The way that neuromorphic systems operate is more similar to the way that biological brains operate than is true of current computer systems. Traditional systems process data continuously, whereas neuromorphic technologies only “spike” when needed. This makes neuromorphic models significantly more efficient and adaptable than traditional models. At present, training a large language model (LLM) consumes the same amount of electricity as a city. In contrast, the human brain operates using the energy equivalent of a single light bulb.
AI has seen two big bangs. The first came in 2012, when Geoff Hinton and colleagues got artificial neural networks to function successfully, and they were re-branded as deep learning. The second arrived in 2017, with transformers, which are the foundation technology for today’s large language models (LLMs). Neuromorphics could well be the third big bang. If it is, it may enable us to understand machine consciousness a whole lot better than we do now.
If machine consciousness is indeed possible, then understanding it may be the key to ensuring AI remains safe, aligned and beneficial to humanity. As AI systems become more advanced, the stakes are higher, not just in terms of capability but in broader societal and economic terms.
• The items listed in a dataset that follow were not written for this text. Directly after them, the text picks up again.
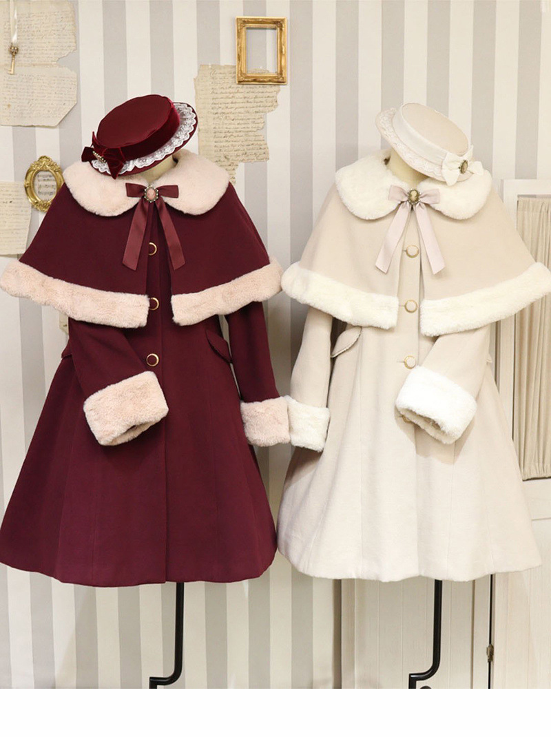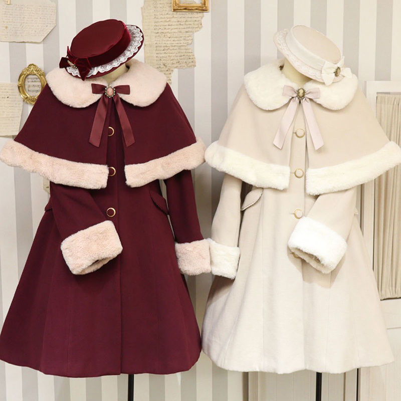 크리스마스 전쟁 가운-작은 케이프 2 피스 코트 2024 가을과 겨울 새로운 틈새 달콤한 원피스 A-라인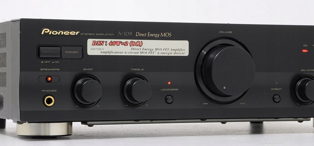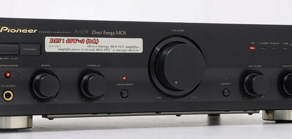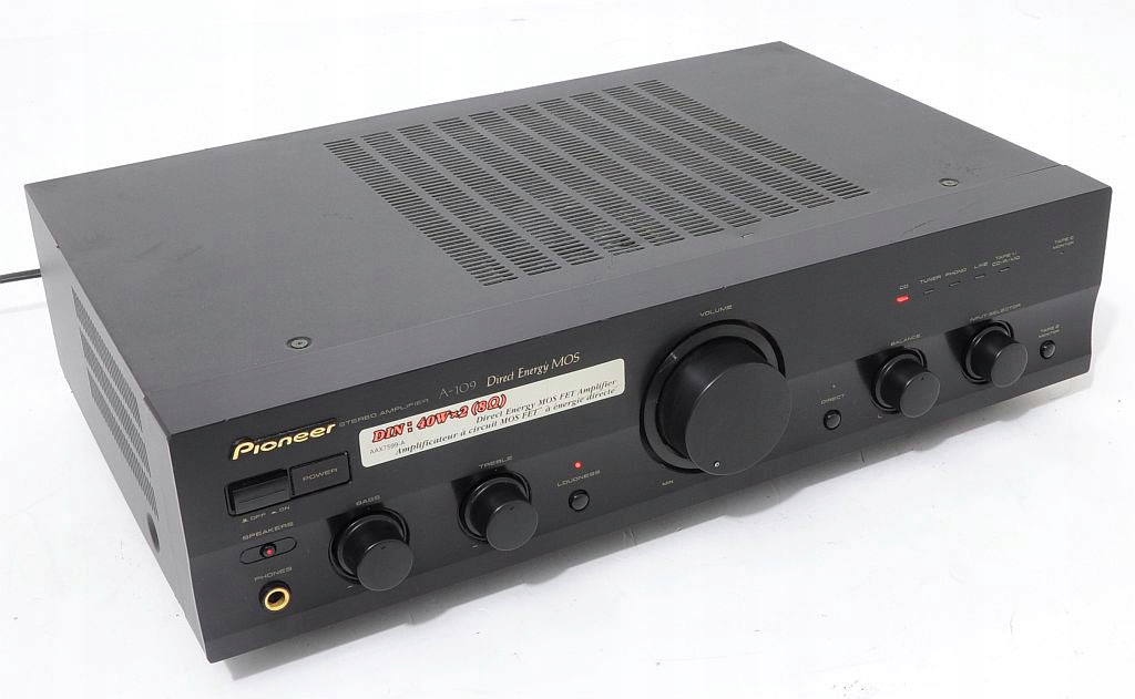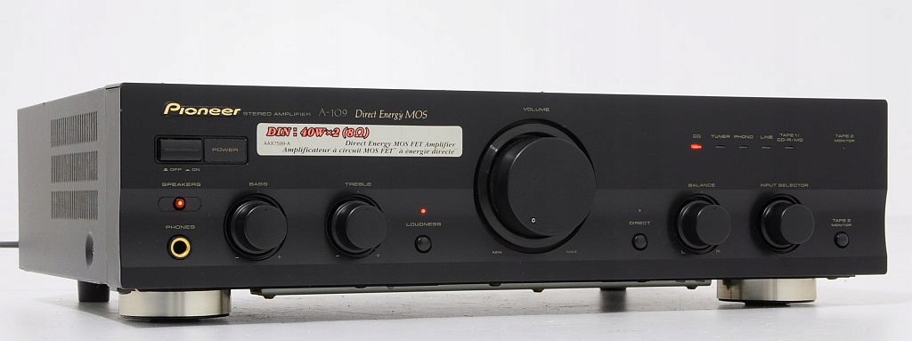 A-109 - jeden z podstawowych modeli wzmacniacza Pioneer`a, ale jak każdy element z tych lat (początek lat 90) gra jak przystało na Pionner`a, ma bardzo ciepłą charakterystykę i z pewnością zadowoli niejednego użytkownika. Prostota obsługi, skromne wymiary plus świetne brzmienie to tyle pokrótce o tym urządzeniu. Zapewniam, że ten wzmacniacz gra na bank lepiej niż nowe wzmacniacze dostępne w sklepach. Każdego niedowiarka zapraszam na odsłuch. Jeżeli ktoś nie wierzy można skonfrontować urządzenia.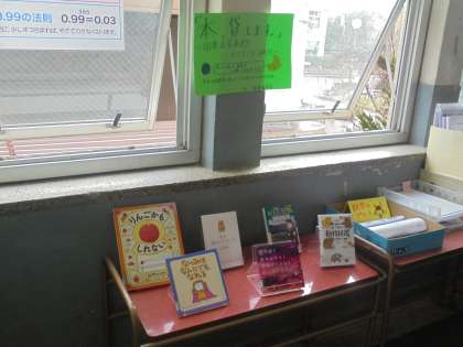 今学期から始まる「出張図書館」の取り組みを紹介します。図書委員会では,図書委員のおすすめの本を,各校舎の階段踊り場に並べています。その中から自分が読みたいと思った本を,図書室に持ってきてバーコードを読み取ったら,「貸出完了!」となります。委員たちも張り切って準備をしましてくれました。ぜひ、出張図書館に本を借りにきてください。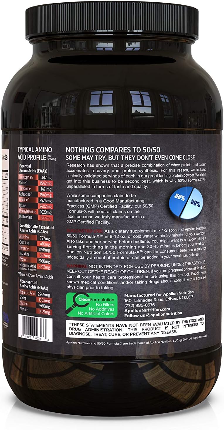 DESCRIPTION : Apollon Nutrition 50/50 Formula-X | Whey Isolate and Casein Protein | 2 lb (Dutch Chocolate)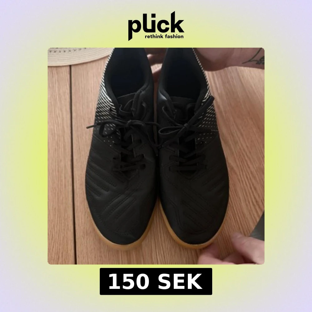 Säljer ett par svarta inomhusfotbollsskor med coolt vitt mönster på hälen och klassisk gummisula. Skorna har snörning och är tillverkade i syntetmaterial, perfekta för snabba vändningar på planen.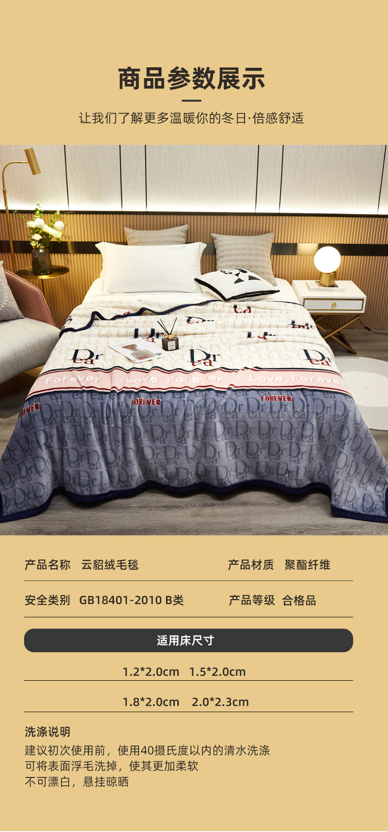 商品名称:肖恩毯业 2025新款印花云貂绒毛毯沙发盖毯午睡毯子 迪卡侬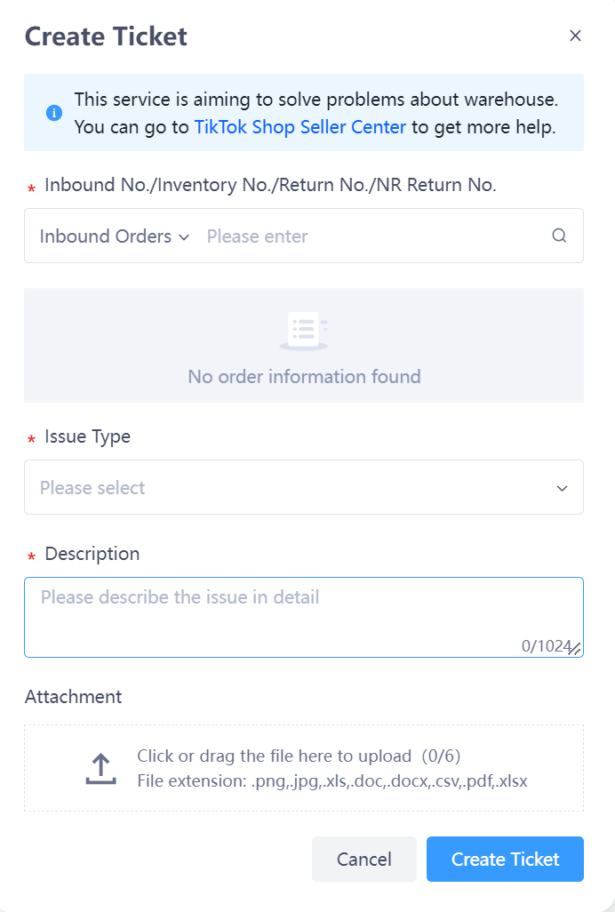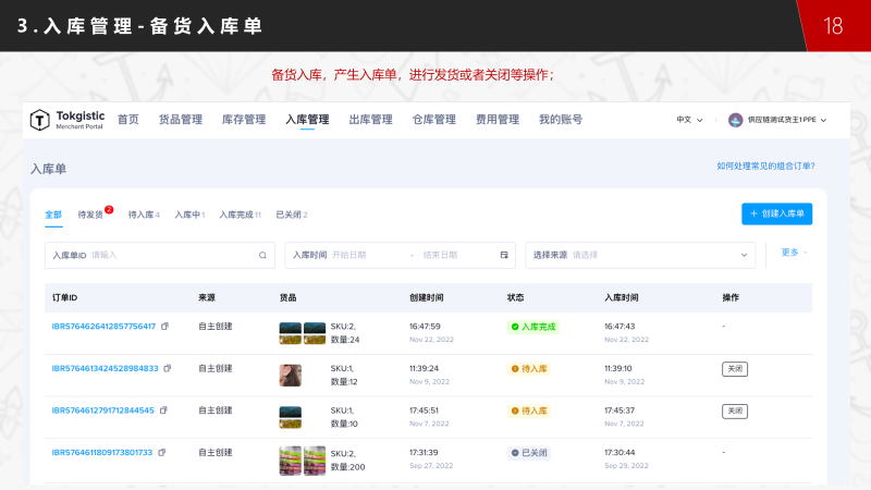 商家后台路径:TikTok Shop Seller Center - 供应链货主平台 - 入库管理 - 入库单 - 创建入库单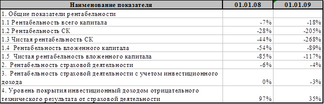 Уровень покрытия инвестиционным доходом отрицательного результата от страховой деятельности также уменьшился с 97% в 2007 году до 35% в 2008 году.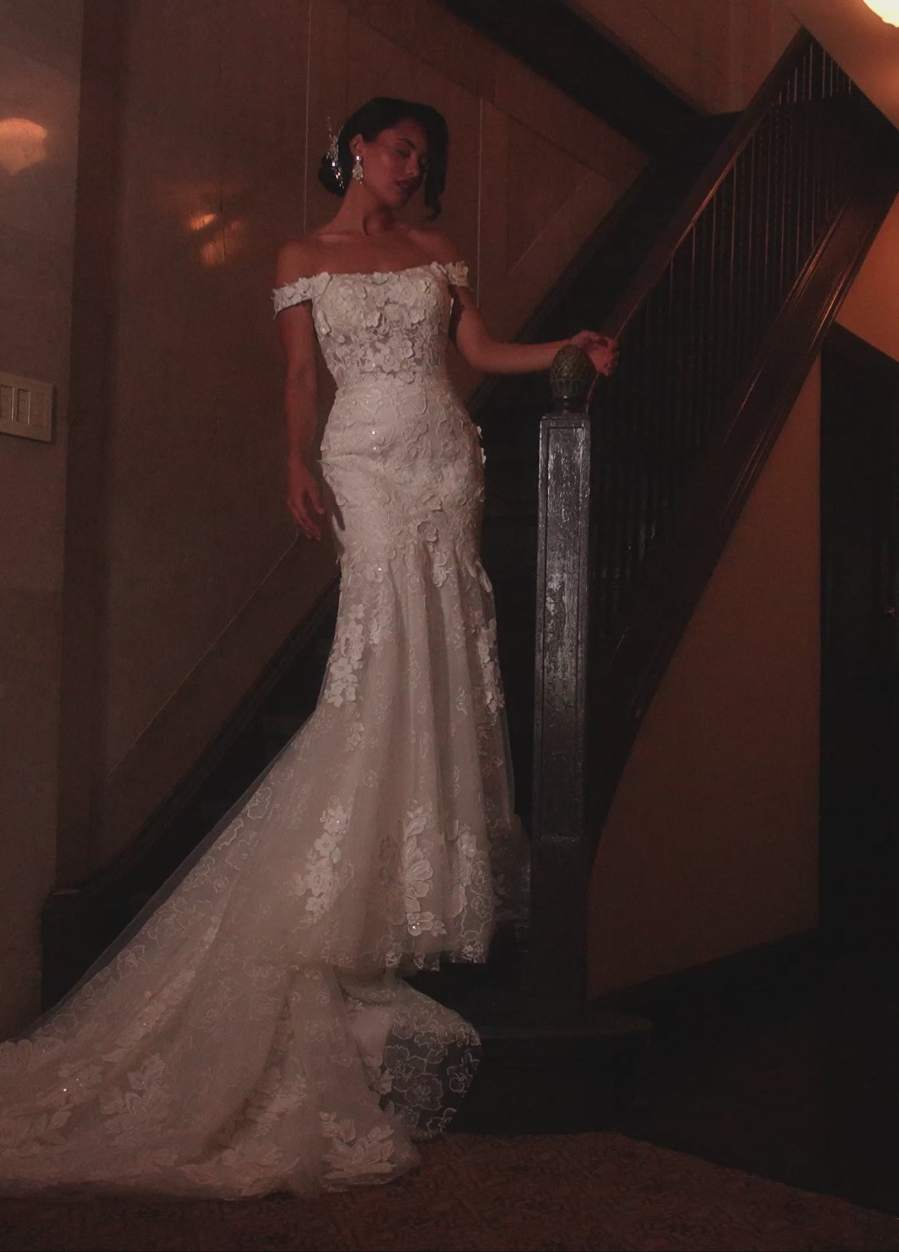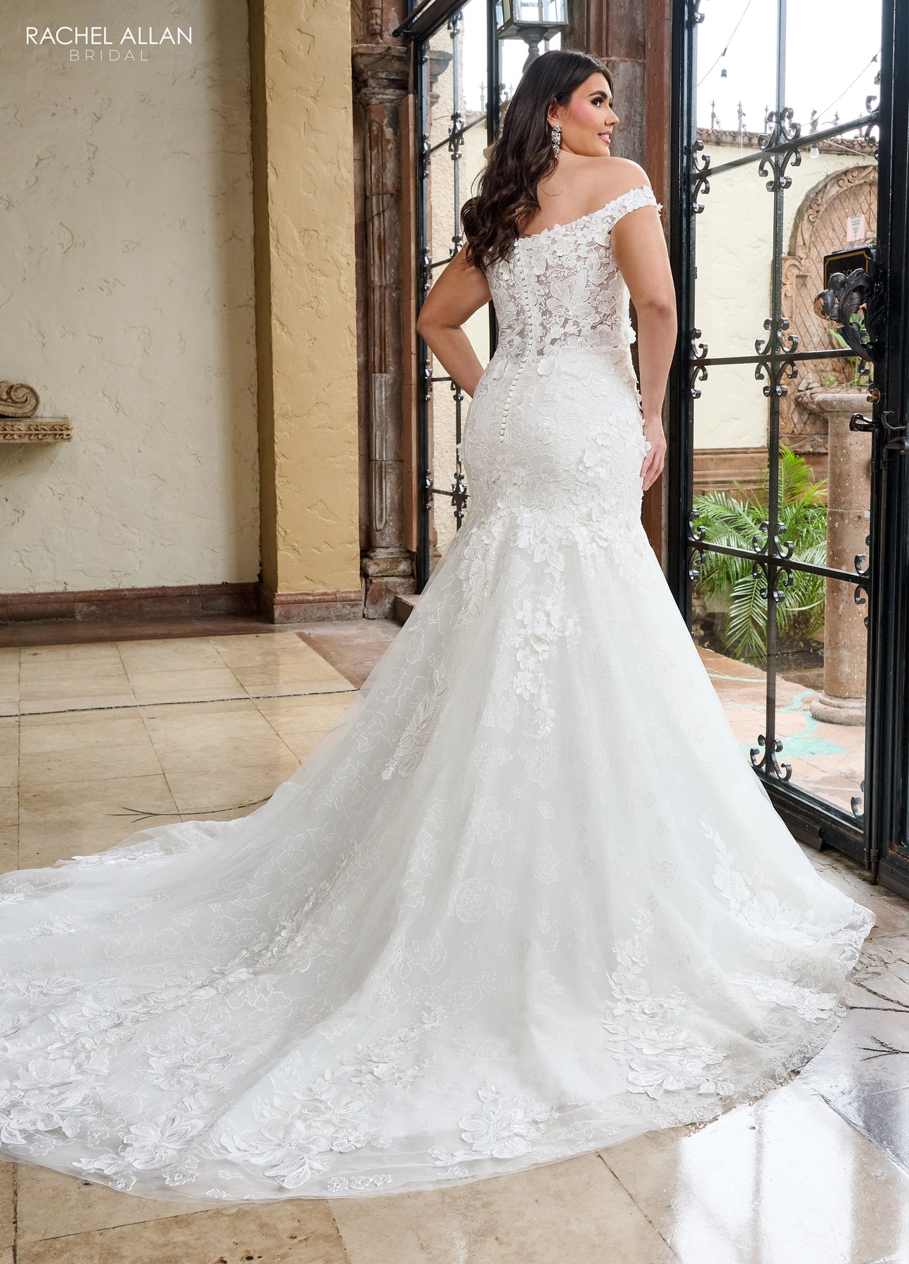 Step into romance with the Rachel Allan RB5082 dress, designed to make every bride feel like a dazzling dream. Its off-the-shoulder neckline adorned with 3D floral appliques and sparkling beads brings elegance with a playful twist. The mermaid silhouette hugs your curves just right, while detachable sleeves and a removable bodice liner let you customize your look. Made from luxurious tulle and glitter tulle, this gown in Ivory or White guarantees a show-stopping entrance you'll never forget.

Alongside this, breakthroughs in neuromorphic computing could help us better understand AI. Just as deep learning and transformers triggered revolutions in AI, neuromorphic computing could be the next leap forward.
The race to understand machine consciousness is now a global one, with researchers and tech giants scrambling to stay ahead and 2025 could be the year that changes our fundamental assumptions about AI forever. We must act swiftly to ensure that ethical frameworks keep pace with technological breakthroughs.